Research Needed to Prove Feasibility

It’s nice to dream about reusing pavement in place to help the environment, but the small amount of research done so far only demonstrates that energy recovery should be possible. So far it has not addressed the merging of the primary use of pavement with this new secondary use, nor has it demonstrated the feasibility.

“What’s it going to cost me?” asks Perry. “For either new pavement or resurfacing, installation of the solar collector sounds like precision work, probably more precise than the pavement construction itself. That sounds costly. And what about off-pavement equipment to either convert the heat to energy or hot water? That has to be paid for, installed, and maintained. And, if electricity is the end product, you need to transmit or distribute it.”

“Perhaps it could be tried in general aviation airports. Not the big airports that carry scheduled traffic, but the smaller ones, used by private and business planes. All of these airports have internal power needs, and most are close to the city they serve. Distance from energy generation to end use is a factor that must be considered.” Gregory W. Perry, PE, Senior Project Engineer for Flower Mound, Texas

Perry is right. Much research is still needed. The WPI research began with computer simulations, then moved to laboratory scale testing, and then finally went to an outdoor test patch. The results are all promising, but this research didn’t include a vehicle load on the pavement. Normal ranges of weather must be factored in, and various climates must be modeled to determine full feasibility. Although the prospects are exciting, the research looks daunting, as shown by this short list of questions.

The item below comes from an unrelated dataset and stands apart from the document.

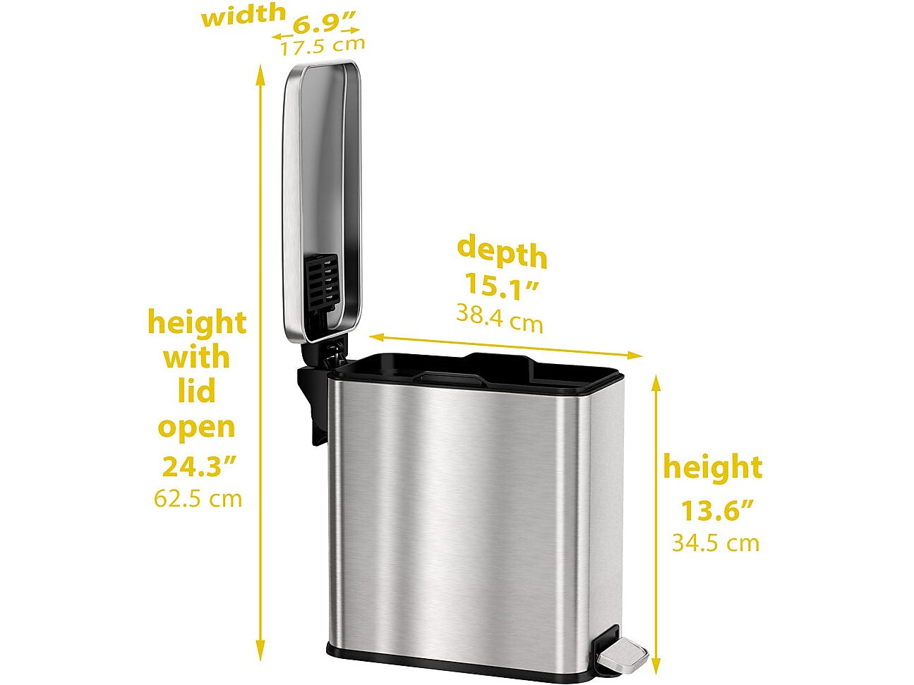 - Step trash can ensures clean, litter-free space and provides hands-free operation

  • What is the added cost?
  • Is the energy recovered sufficient to justify the cost?
  • Yes, asphalt pavement holds heat after dark, but if you pull heat out of it during daylight, will there be much heat left when the sun goes down?
  • How effective it is on a cloudy day?
  • What is the impact on a parking space of frequent coverage by parked vehicles?
  • Heat radiates from the vehicle to the pavement, but the sun is blocked. Is solar collection still feasible?
  • Is the durability of asphalt pavement changed by the presence of the solar collection mechanism?
  • Is the mechanism of sufficient strength to withstand vehicle loads?
  • How does this limit the type of mechanism used?
  • Will the mechanism be damaged during the next overlay?
  • How much does the care needed to protect the mechanism drive up the cost of an overlay?
  • Will there be duplication of electrical supply needed, due to times when solar collection is not working?

Is Asphalt Pavement Solar Collection in our Future?

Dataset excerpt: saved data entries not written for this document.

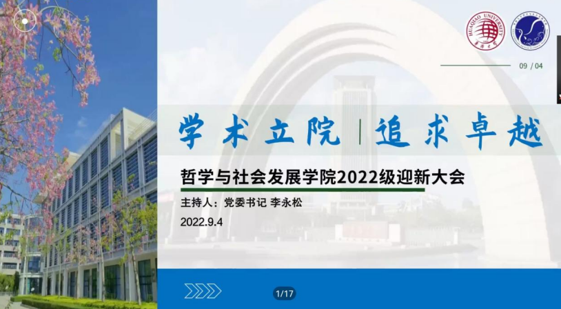 2022年9月4日上午九点,哲社学院2022级迎新大会于腾讯会议平台召开。院长许斗斗,党委书记李永松,副院长常旭旻、王嘉顺,教师代表王阳教授,哲学系系主任薛子燕,团委书记鞠芳,辅导员苏清兰,2022级研究生班主任兰琦、本科生班主任喻郭飞及全体本硕博新生、学生党员代表、学生骨干代表出席本次大会。大会由李永松主持。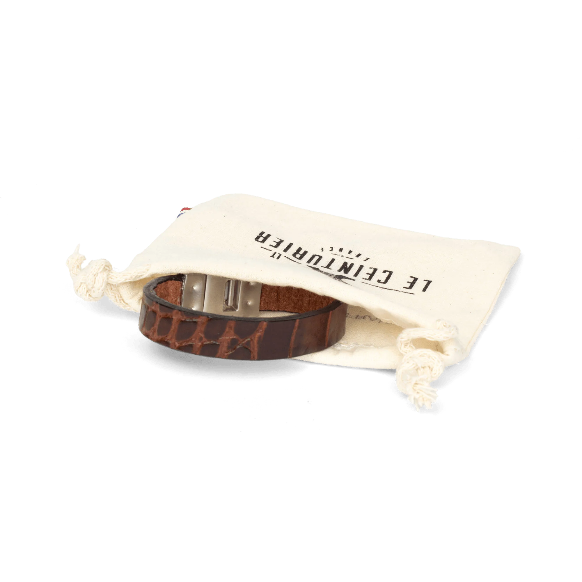 • Logo Le Ceinturier moulé sur la tranche du fermoir
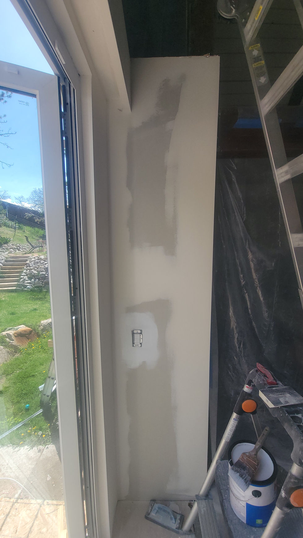 A collection of images showcasing interior renovation work, including drywall mudding and painting preparation.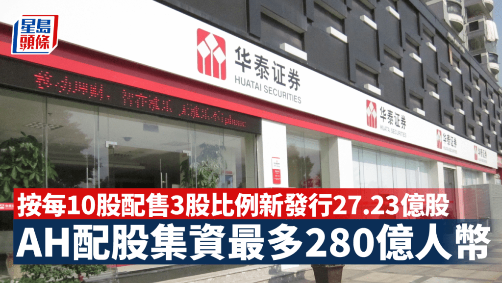華泰證券擬10供3 AH配股集資最多280億人幣 股價齊跌

The ongoing development of asphalt pavement solar collectors largely fails to reach the popular news, and not all of this is happening in America. A number of scientific journals have articles about the technology, and demonstration projects have been constructed at a larger scale in Europe than in America. Somewhere in the world, unheralded and without regular press releases, universities and entrepreneurs are working through the problems, figuring solutions, answering questions.

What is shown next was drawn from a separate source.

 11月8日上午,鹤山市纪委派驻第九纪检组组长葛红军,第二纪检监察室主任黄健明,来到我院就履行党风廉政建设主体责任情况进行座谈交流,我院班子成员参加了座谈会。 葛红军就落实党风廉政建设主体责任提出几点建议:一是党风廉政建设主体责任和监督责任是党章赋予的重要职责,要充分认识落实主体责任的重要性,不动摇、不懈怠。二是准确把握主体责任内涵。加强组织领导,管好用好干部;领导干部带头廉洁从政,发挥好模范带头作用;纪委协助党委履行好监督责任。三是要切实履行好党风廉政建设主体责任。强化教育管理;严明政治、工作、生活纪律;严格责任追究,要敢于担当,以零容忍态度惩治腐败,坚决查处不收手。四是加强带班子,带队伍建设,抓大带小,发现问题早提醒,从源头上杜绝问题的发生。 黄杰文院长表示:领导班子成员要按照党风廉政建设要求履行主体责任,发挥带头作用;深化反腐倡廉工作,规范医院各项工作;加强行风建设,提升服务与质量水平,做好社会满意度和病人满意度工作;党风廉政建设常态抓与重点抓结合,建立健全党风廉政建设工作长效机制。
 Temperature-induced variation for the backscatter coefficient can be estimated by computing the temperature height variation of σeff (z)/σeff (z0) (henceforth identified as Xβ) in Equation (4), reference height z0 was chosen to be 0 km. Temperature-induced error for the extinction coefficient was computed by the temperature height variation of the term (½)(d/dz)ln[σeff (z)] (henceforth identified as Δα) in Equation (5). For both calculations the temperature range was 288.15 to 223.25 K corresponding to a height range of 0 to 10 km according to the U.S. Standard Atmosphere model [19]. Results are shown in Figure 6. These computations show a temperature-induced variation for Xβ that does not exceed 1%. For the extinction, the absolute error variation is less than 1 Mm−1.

So where does recovery of solar energy from existing and future pavement stand? Is it techno-dreaming, or just a little way away from practical implementation? Might we see some of this in the future? “I’m not about to recommend this to my town,” Perry said, “but I’d like to stay on top of the research and development. I think the future may include asphalt pavement solar collectors, used economically to reduce energy use from other sources.”

David A. Todd

A senior engineer and corporate trainer of engineering for CEI Engineering Associates, Inc. David has 36 years of experience as a consulting civil engineer. His experience includes water, wastewater, stormwater, roads, and solid waste infrastructure. For much of the last 20 years he has been involved with stormwater issues. Specifications and construction administration have been a specialty of his within civil consulting engineering . He has BS and MS degrees in Civil Engineering, is a registered engineer in four states, and a Certified Professional in Erosion and Sediment Control.